STOCKHOLM - October 13, 2009. Dilafor AB announces a significant milestone has been passed with the completion of a Phase I study for a potential new treatment for severe malaria. The recently completed Phase I study has proven that the new compound DF02 is safe and well tolerated. With this result, work towards developing this in to a new drug that can save lives can proceed.

Every minute two children die from malaria and more than 500 million people fall ill to malaria each year. Meanwhile, the number of patients suffering from severe malaria is estimated to increase in the near future. Today, there are no effective treatments against the most severe symptoms of malaria.

- A new drug of this kind can save many lives, says Professor Mats Wahlgren, MD at Karolinska Institutet and the Swedish Institute of Infectious Disease Control, and one of the founders of the drug development company Dilafor, a company within Karolinska Development.

Dilafor has completed a clinical phase I study with DF02, a new drug to be developed against severe malaria.
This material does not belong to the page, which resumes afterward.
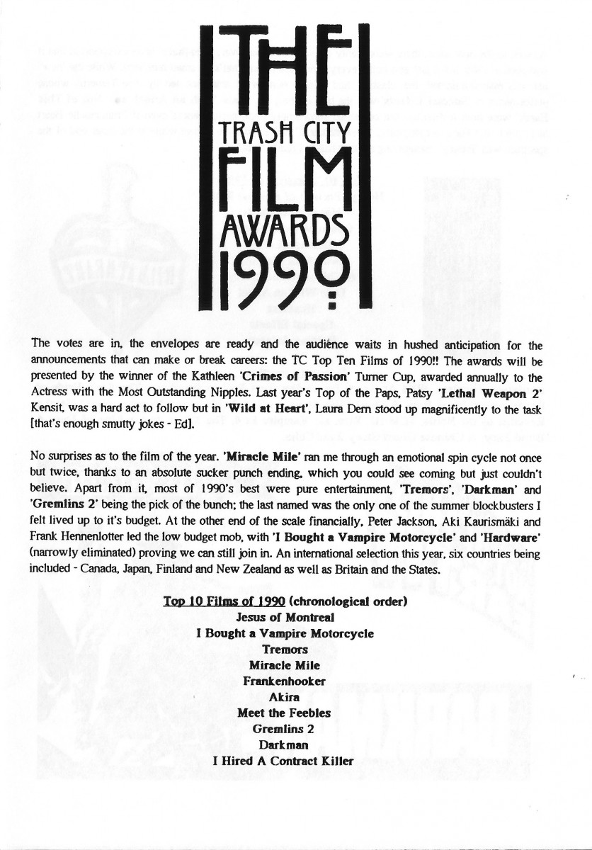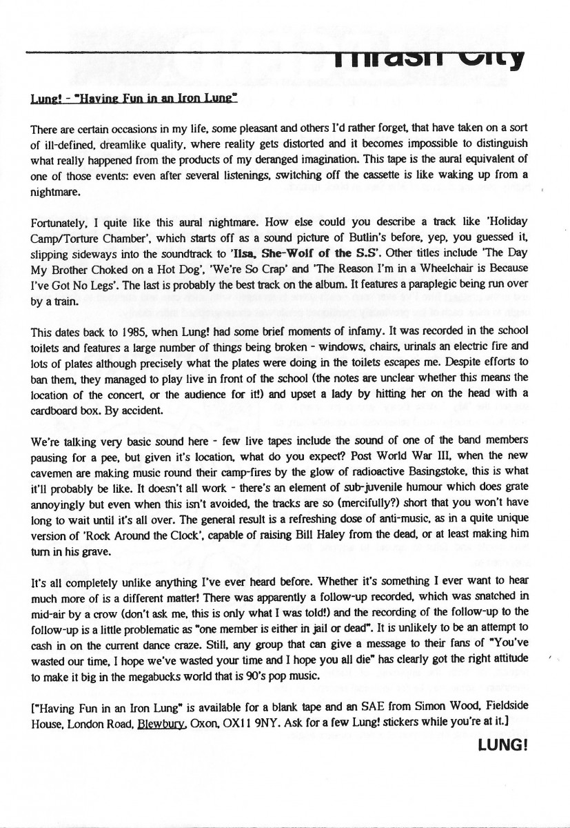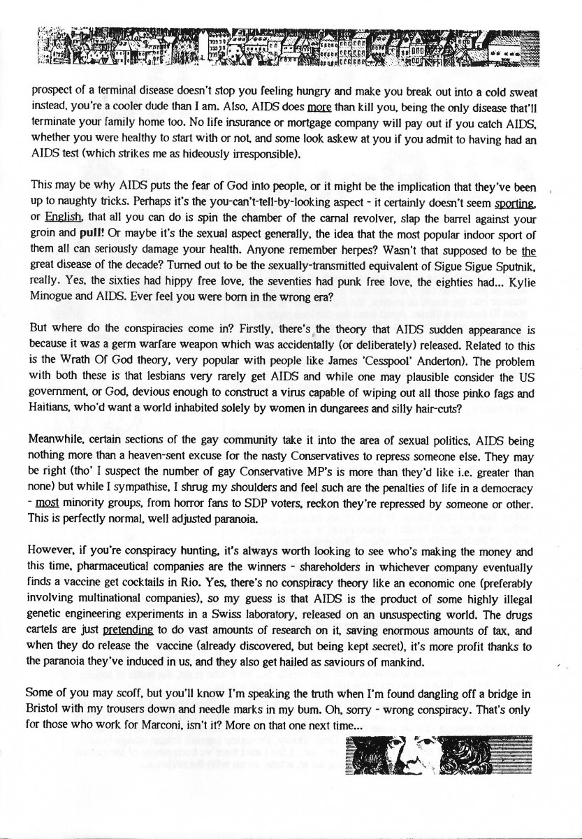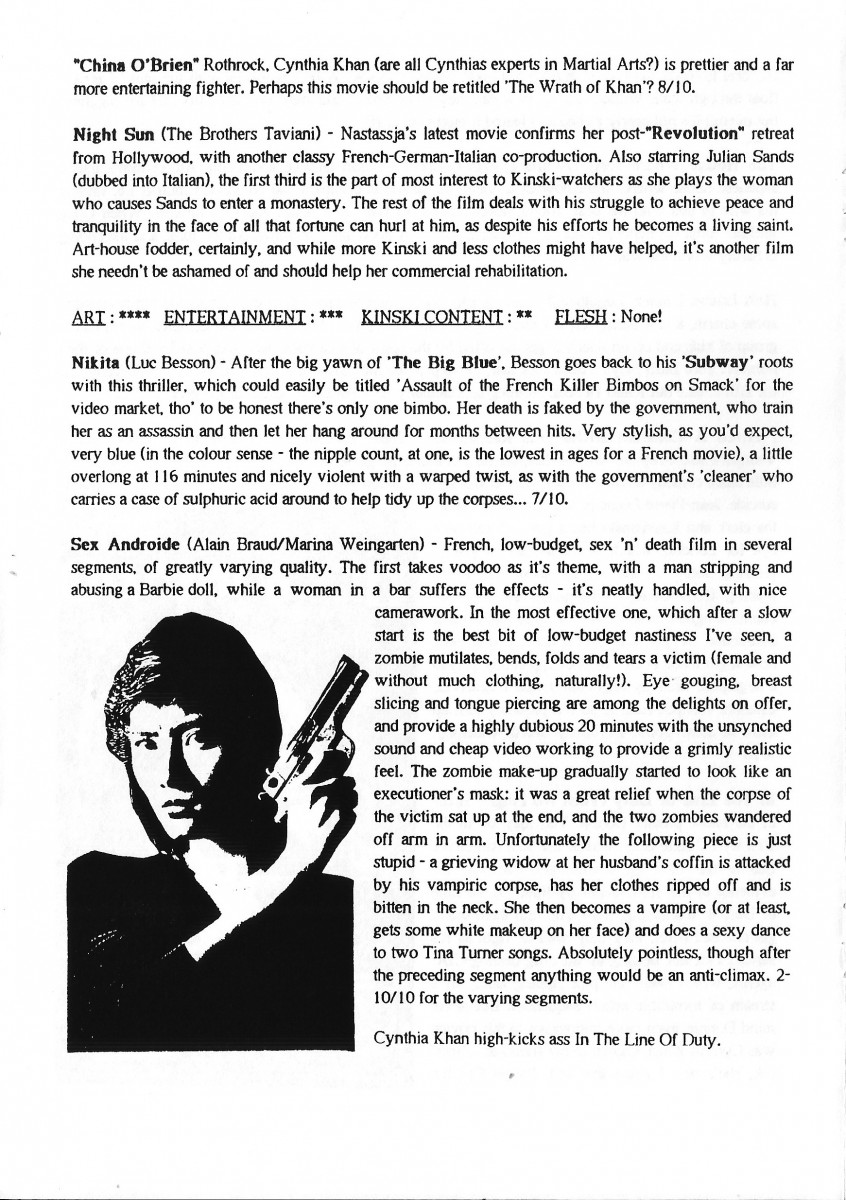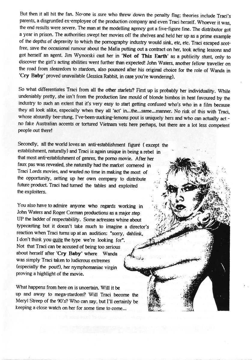 Here’s all the bits that I didn’t want the printer to see, mind you if he can cope with dead pictures of Marilyn Monroe, I can’t see why he would balk at drawings of naked chainsaw-wielding blood-spattered sexpots. Nah, it’s here more because I didn’t have room for it in the ‘zine proper. Overleaf, if you hadn’t already guessed, is The Picture. This is the one that Clearaprint refused to put on a T•shirt – the original is in colour and looks a HELL of a tot better, but it’ll give you an idea of the content of the picture if nothing else (should you want to indulge in a little spot of colouring-by-numbers, the bedsheet at the bottom is blue, the chainsaw is grey (with red splatters and Nastassja is a sort of pinky-brown). I’d like to gauge the interest in T-shirts with this picture on (not forgetting the words ‘TRASH CITY – the T-shirt they tried to ban!’) so I can get the numbers right, not wanting to be left with 300 sleazy shirts on my hands! Cost is now uncertain, but should be round about seven or eight pounds.

The results prove that DF02 is safe and well tolerated in all of the tested dose levels at single dose and multiple dosing (nine doses during three days). In addition, the results show that the drug is suitable for intravenous injection, which is the only way to treat patients with the most severe form of malaria.
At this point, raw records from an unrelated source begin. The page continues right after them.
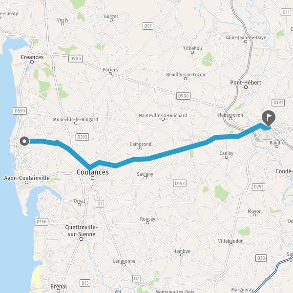 Au rond-point, prendre la 2ème sortie sur D900e3 (Route de Coutances) et continuer sur 650 mètres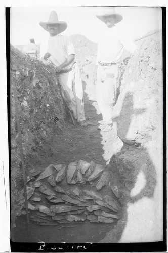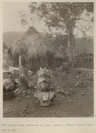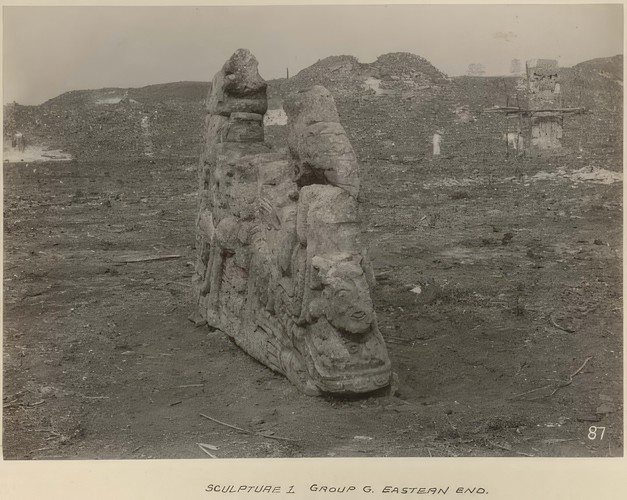594 / 906 Sculpture 1, Group G, eastern end Save Share Ask Question Copán Ruinas Archaeological and Conservation Project Save Share Ask Question Copan Album: Volume 1, Page 25; Written on page: "Sculpture 1. Group G. Eastern end" Classification Terms Maya Department Photographic Dimensions Overall: 14.9225 × 20.32 cm (5 7/8 × 8 in.) Materials Albumen print adhered to Paper in Album Object Number 2004.1.381.1.25 Origin Terms Copan See Also https://collections.peabody.harvard.edu/objects/details/749746 Obsidian "Copan Blades" as found Detail of Hieroglyphic Stairway at Copan Hieroglyphic stairway, structure at foot, looking north Copan Album: Volume 11, Page 16 Detail of full figure glyphs from Temple 26 Full figure glyphs, Temple 26. Copan, Honduras. Sculpture 1, Group G, eastern end Copan Album: Volume 1, Page 25; Written on … Fragment of Stela 5 Copan Album: Volume 8, Page 22; Written on … Explore chevron-right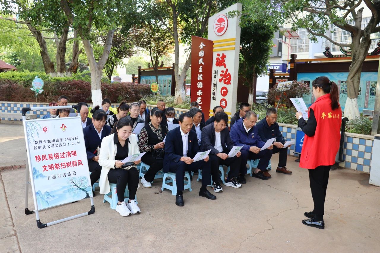 在文明实践中破除陈规陋习、传播文明理念、涵育文明风尚。“提倡不收高价彩礼、不大摆宴席,不乱埋乱葬……”在推进移风易俗过程中,新村镇洒树咪村委会广泛征求村里老党员、群众代表等意见建议,经过充分讨论,将婚事新办、丧事简办等内容写入《村规民约》,成立红白理事会,在节假日期间,组织新风文明劝导志愿服务队开展移风易俗宣传活动,及时做好村民的思想工作,倡导婚丧嫁娶一切从简。各乡镇司法所开展普法课堂,解读《关于审理涉彩礼纠纷案件适用法律若干问题的规定》等条例,引导群众坚决遏制高额彩礼之风,并通过实际案例,宣讲民法典婚姻家庭版有关内容,呼吁广大妇女姐妹及家庭学会用法律武器维护自身合法权益。制定下发《楚雄市开展高价彩礼、大操大办等农村移风易俗重点领域突出问题专项治理工作实施方案》等文件,坚持标本兼治,先后开展高价彩礼、大操大办等移风易俗重点领域突出问题专项整治126次,督促问题整改27个,有效遏制陈规陋习势头蔓延。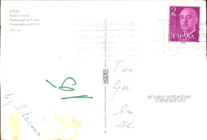 old postcard Sitges Promenade postalisch gelaufen Erhaltung siehe scans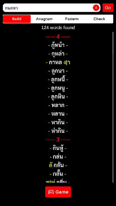 Los en bouw woorden van Thaise karakters. Speel een Thais kruiswoordraadselspel tegen een bot

- We are happy with the outcome of this Phase I study. These results enable us to develop DF02 further and we will now prepare for the next clinical studies in Phase II. The potential drug DF02 shows great promise in solving the important medical need present in developing countries, but there is also an increasing need in the rest of the world, says Anders Åsell, CEO of Dilafor.
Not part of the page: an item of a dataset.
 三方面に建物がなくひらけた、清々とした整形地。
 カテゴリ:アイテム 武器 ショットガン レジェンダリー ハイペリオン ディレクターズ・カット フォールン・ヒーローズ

Severe anaemia, respiratory problems and encephalopathy are common and life-threatening consequences of serious malaria infection. The diseases are caused when the malaria parasite P. falciparium infects red blood cells, which then accumulate in large amounts, blocking the flow of blood in the capillaries of the brain and other organs. Dilafor is developing a new malaria treatment - DF02 - that reduces the blocking of the capillaries and also releases those blood cells that are already bound. The hope is that the treatment will normalize the blood flow.

The Phase I study was conducted during 2009 on 33 healthy men at Northwick Park Hospital in London, England. No severe adverse effects have been reported. Analyses of the pharmacokinetics and pharmacodynamics are currently taking place. The study was randomized, double blind, and placebo controlled.